A North American Development Bank, set up with funding from all NAFTA governments to assist Mexico in the building of an environmental and urban infrastructure in its border areas, has after two years, only contributed to three small projects because of excessively strict commercial criteria, says Villamar.

Although the maquiladoras did not receive a mention by the three environment ministers at the end of what was the CEC’s third public forum here, Canadian environment minister Marchi said their communique covered environmental hot spots.

Marchi, along with EPA administrator Carol Browner in the United States, and Mexican Environment Minister Julia Carabias together head the CEC. They said the voluntary programme under development would ask governments and businesses to go beyond local regulations and achieve environment performance based on “the best practices in the public and private sectors”.

“This fits in quite nicely with (our) determination not to see the environmental standards weakened,” said Marchi.

In the first test of its legal muscle, the CEC has launched a probe into a port development project in Mexico. The CEC says it will investigate whether the Mexican government followed its own environmental review procedures when approving construction of a harbour and facilities in Cozumel.

Environmental groups in Mexico have complained that the initial approval of the project was confined to a pier in a narrow area, but that the project was later expanded without the proper environmental assessment.

Activists argue that the facilities, including harbours and hotels, will harm coral reefs.

Stewart Elgie, a lawyer with the Sierra Club Legal Defence Fund says that while the CEC’s announcements for a voluntary code of conduct and a probe of the Cozumel project are significant, they also reflect the NAFTA body’s major weakness.

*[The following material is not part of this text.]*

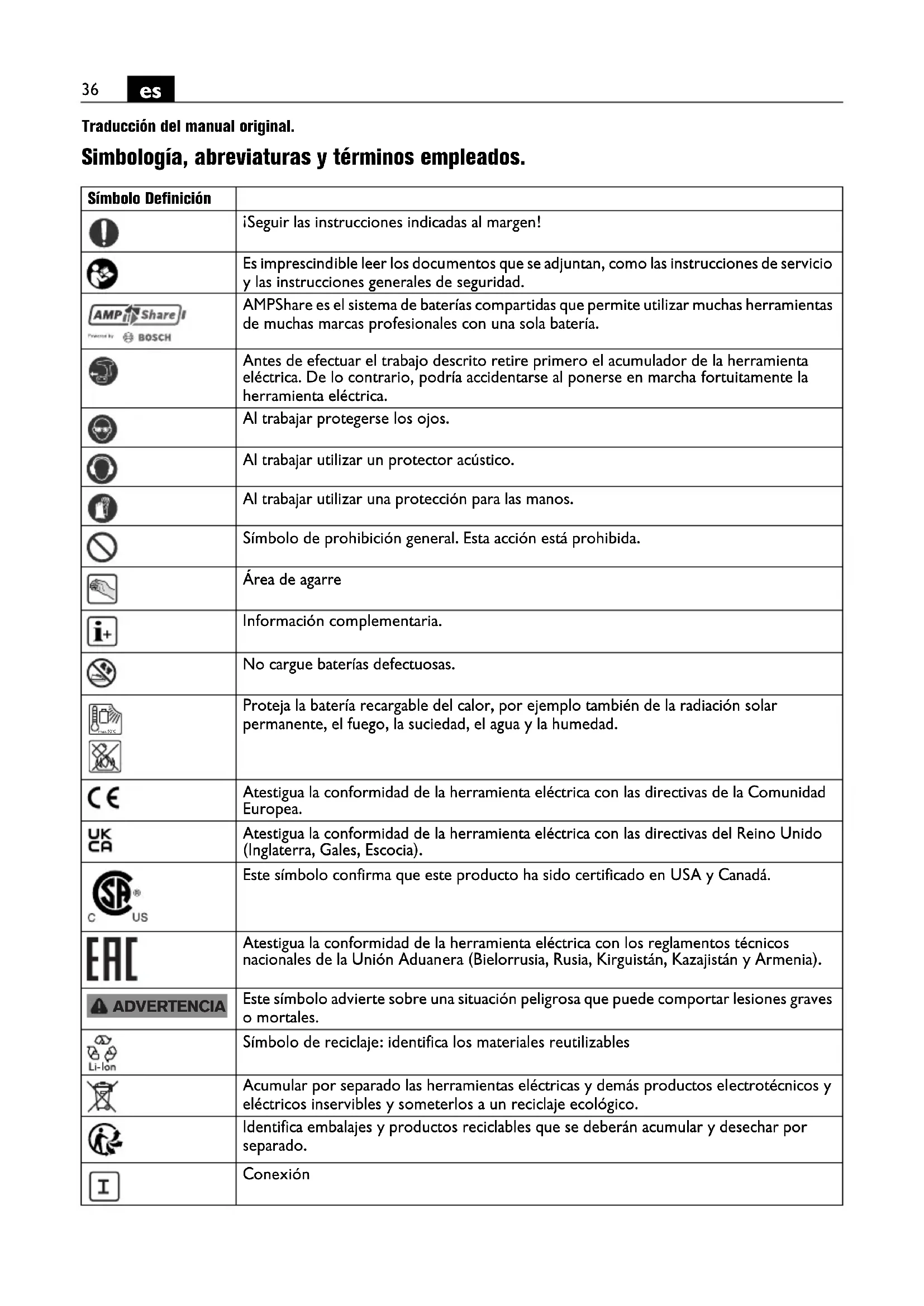 Traducción del manual original. Simbología, abreviaturas y términos empleados. Símbolo Definición ¡Seguir las instrucciones indicadas al margen! Es imprescindible leer los documentos que se adjuntan, como las instrucciones de servicio y las instrucciones generales de seguridad. AMPShare es el sistema de baterías compartidas que permite utilizar muchas herramientas de muchas marcas profesionales con una sola batería. Antes de efectuar el trabajo descrito retire primero el acumulador de la herramienta eléctrica. De lo contrario, podría accidentarse al ponerse en marcha fortuitamente la herramienta eléctrica. Al trabajar protegerse los ojos. Al trabajar utilizar un protector acústico. Al trabajar utilizar una protección para las manos. Símbolo de prohibición general. Esta acción está prohibida. Área de agarre Información complementaria. No cargue baterías defectuosas. Proteja la batería recargable del calor, por ejemplo también de la radiación solar permanente, el fuego, la suciedad, el agua y la humedad. Atestigua la conformidad de la herramienta eléctrica con las directivas de la Comunidad Europea. Atestigua la conformidad de la herramienta eléctrica con las directivas del Reino Unido (Inglaterra, Gales, Escocia). Este símbolo confirma que este producto ha sido certificado en USA y Canadá. Atestigua la conformidad de la herramienta eléctrica con los reglamentos técnicos nacionales de la Unión Aduanera (Bielorrusia, Rusia, Kirguistán, Kazajistán y Armenia). Este símbolo advierte sobre una situación peligrosa que puede comportar lesiones graves o mortales. Símbolo de reciclaje: identifica los materiales reutilizables Acumular por separado las herramientas eléctricas y demás productos electrotécnicos y eléctricos inservibles y someterlos a un reciclaje ecológico. Identifica embalajes y productos reciclables que se deberán acumular y desechar por separado. Conexión max.50°C ADVERTENCIA37

“Yes, it is a first step towards ensuring environmental protection, but we don’t have yet in place guarantees that there will be tough environmental standards throughout North America,” he said.

He notes, for example, that while the three ministers have promised a plan to develop a strategy to safeguard endangered birds and the monarch butterfly, Canada has in place no legislation to protect any of the species.

“So when the monarch butterfly or other endangered species cross into Canadian territory, we are free to destroy their habitat or capture and harm the species with impunity,” says Elgie.